10. Prepare dataset information file¶
Download and modify the demo dataset information file: dataset_info.toml
Important Note
Dataset configuration file name must be dataset_info.toml.
Here is an example of the dataset configuration file content:
[datasetfile]
file = "" ## Path to the Seurat object file
datatype = "" ## Type of the data.
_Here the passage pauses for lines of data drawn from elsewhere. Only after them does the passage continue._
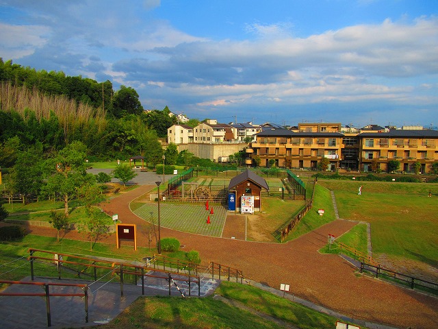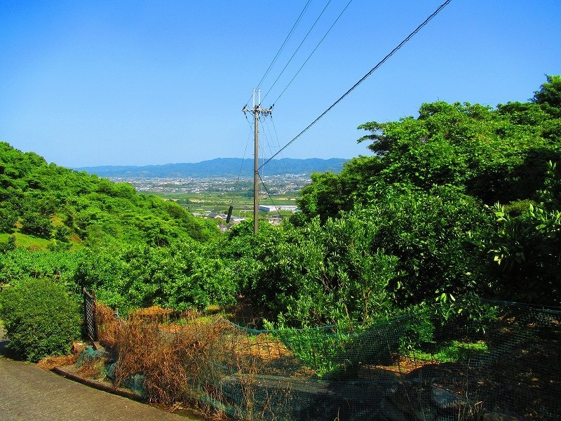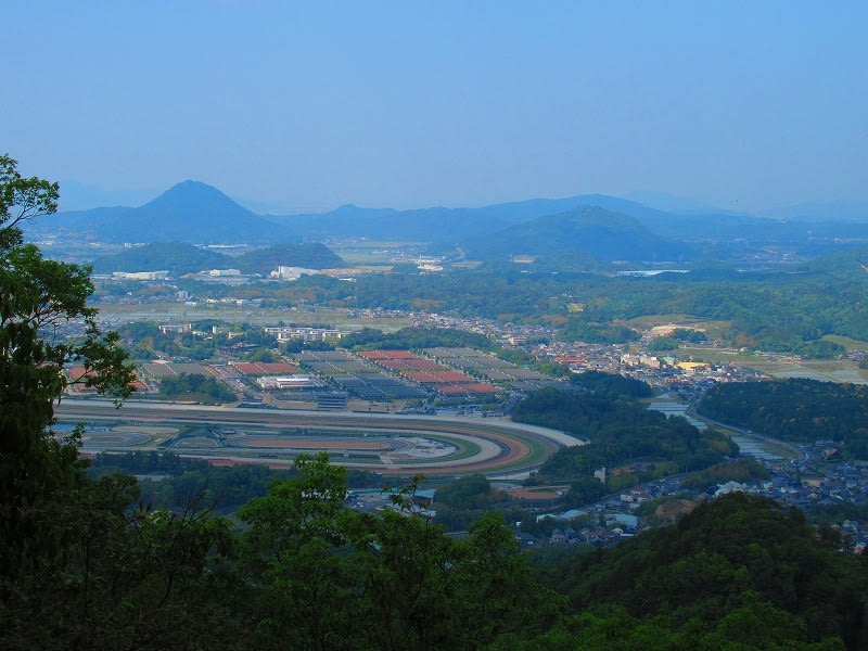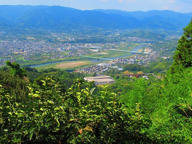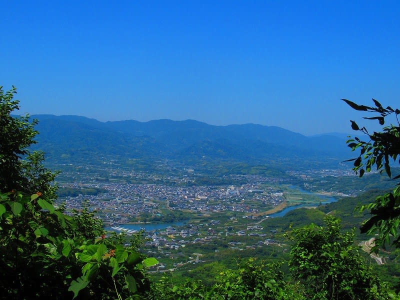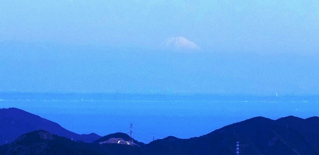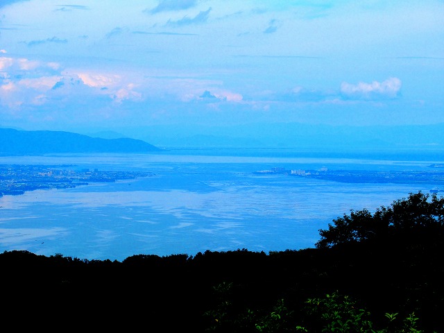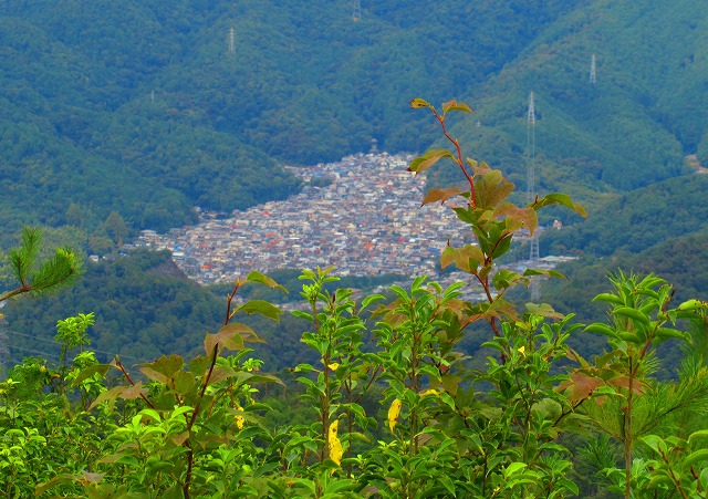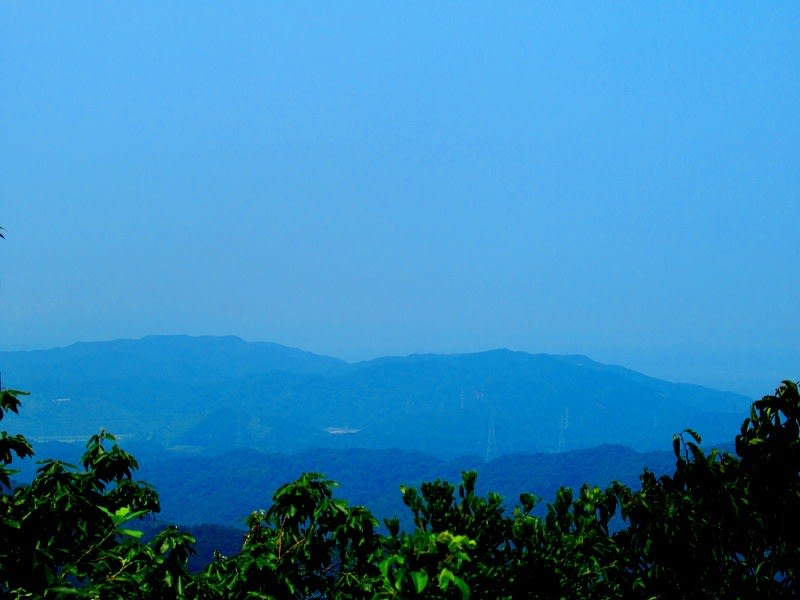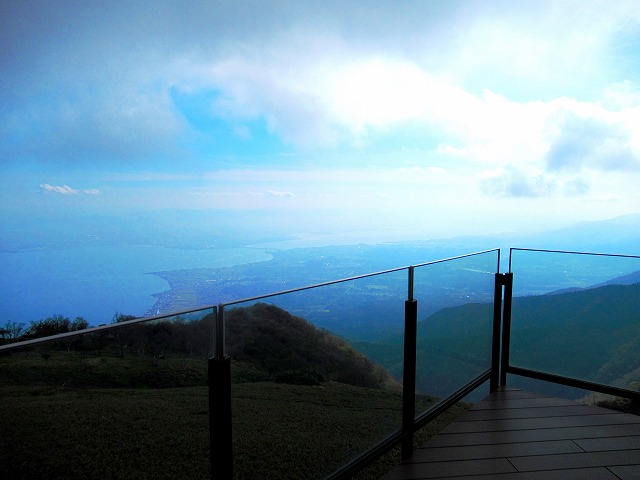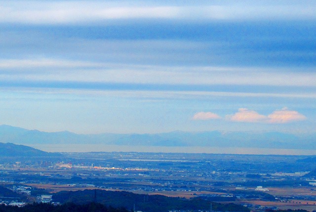 見晴らし台から 下を見下ろすと 町の向こうに山並みが見えて その向こうに何か見えますが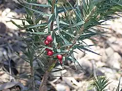 - ^ "Species profile—Melichrus erubescens (ruby urn heath)". Queensland Government, Department of Education and Science. Retrieved 27 November 2024.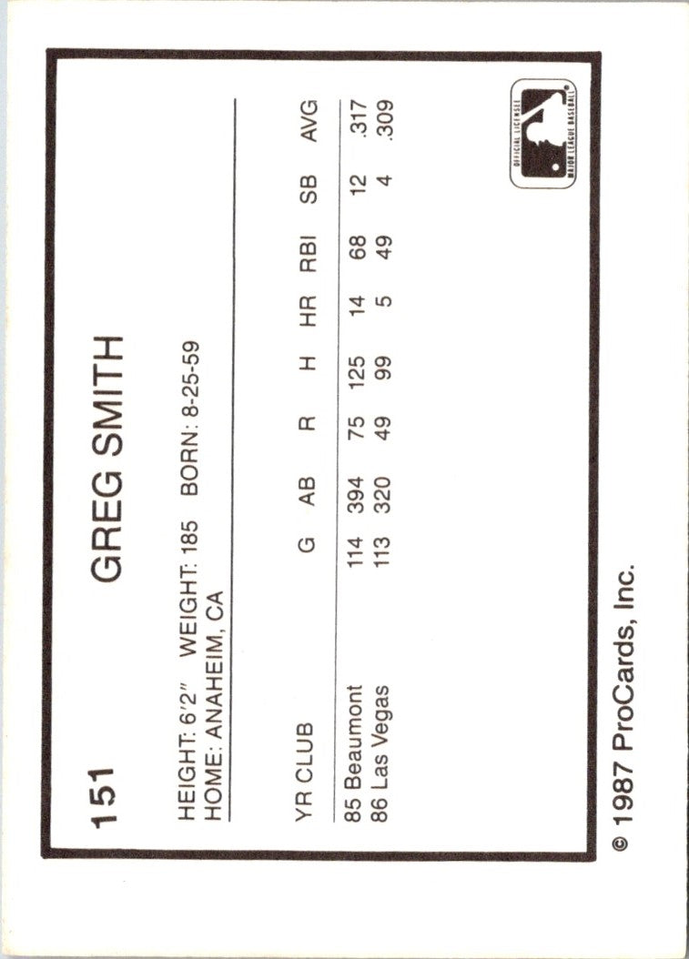 This 1987 ProCards Greg Smith #151 Oklahoma City 89ers card is the perfect addition to any sports fan's collection. Featuring a full-color photographic image of Smith, it is sure to bring back memories of his days with the 89ers. This card is printed on quality cardstock and features the team logo and Smith's name and number, making it a great collectible. Add this piece of sports history to your collection today!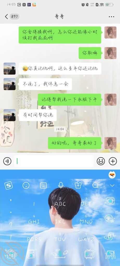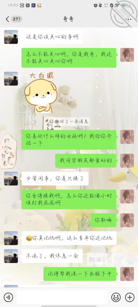 我还和哥哥说,想找个他这样的男朋友,找不到就不嫁,让他养我,希望哥哥能懂,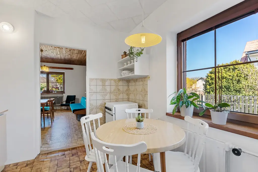 Dům je z větší části po rekonstrukci. V přízemí najdete kuchyň s obývacím prostorem, ložnici, šatnu , koupelnu s WC a vstupní chodbu z které se dostanete do další části domu, kde na vás čeká byt o velikosti 1+1 s koupelnou a WC. V patře se nachází 3 pokoje a vstup na rozlehlou balkonovou terasu. Dům je vytápěn tepelným čerpadlem, je částečně podsklepen.

Options: scRNAseq, scATACseq, VisiumST, xQTL
[dataset]
dataset_name = "" ## Required: Dataset name, MUST BE UNIQUE, used to identify the dataset in the database
description = "" ## Dataset description
PI_full_name = "" ## Principal Investigator (PI) full name
PI_email = "" ## PI email
first_contributor = "" ## First contributor name
first_contributor_email = "" ## First contributor email
other_contributors = "" ## Other contributors
support_grants = "" ## Support grants
other_funding_source = "" ## Other funding source
publication_DOI = "" ## DOI of the publication
publication_PMID = "" ## PMID of the publication
brain_super_region = "" ## Brain super region
brain_region = "" ## Brain region
sample_info = "" ## Sample information
sample_sheet = "" ## Sample sheet file name (Not the path, just the file name)
n_samples = 96 ## Number of samples
organism = "Homo Sapiens" ## Organism
tissue = "Brain" ## Tissue
disease = "PD" ## Disease
[study]
study_name = "Parkinson5D" ## Study name, the dataset belongs to
description = "" ## Study description
team_name = "Team Scherzer" ## Team name
lab_name = "NeuroGenomics" ## Lab name
submitter_name = "" ## Submitter name
submitter_email = "" ## Submitter email
[protocol]
protocol_id = "P002" ## Protocol ID
protocol_name = "P001_VisiumST" ## Protocol name
version = "" ## Protocol version
github_url = "" ## GitHub URL
sample_collection_summary = "" ## Sample collection summary
cell_extraction_summary = "" ## Cell extraction summary
lib_prep_summary = "" ## Library preparation summary
data_processing_summary = "" ## Data processing summary
protocols_io_DOI = "" ## protocols.io DOI
other_reference = "" ## Other reference
[meta_features]
selected_features = ["nCount_Spatial",...] ## List of selected features will be shown in the page
sample_id_column = "sample_name" ## Sample ID column in Seurat object metadata
major_cluster_column = "CellType" ## Major cluster column in Seurat object metadata
condition_column = "diagnosis" ## Condition column in Seurat object metadata
[visium_defaults]
samples = [ "BN2023", "BN1076",] ## List of sample names
features = [ "smoothed_label_s5",...] ## List of default feature names
genes = [ "SNCA",...] ## List of default gene names
11. Upload dataset¶
Upload the dataset to server folder.
After running the pipeline, there will be a dataset folder that contains all necessary files:
- The files and folders within the
your_dataset_namefolder are necessary for upload. - Upload the dataset folder named '<dataset_name>' to the server at 'backend/datasets'.
- Put the dataset configuration file named 'dataset_info.toml' to your dataset folder at 'backend/datasets/<dataset_name>'.
- Refresh the database: Go to 'Datasets Management Page '(DATASETS -> +ADD DATASET) and click 'REFRESH DB'.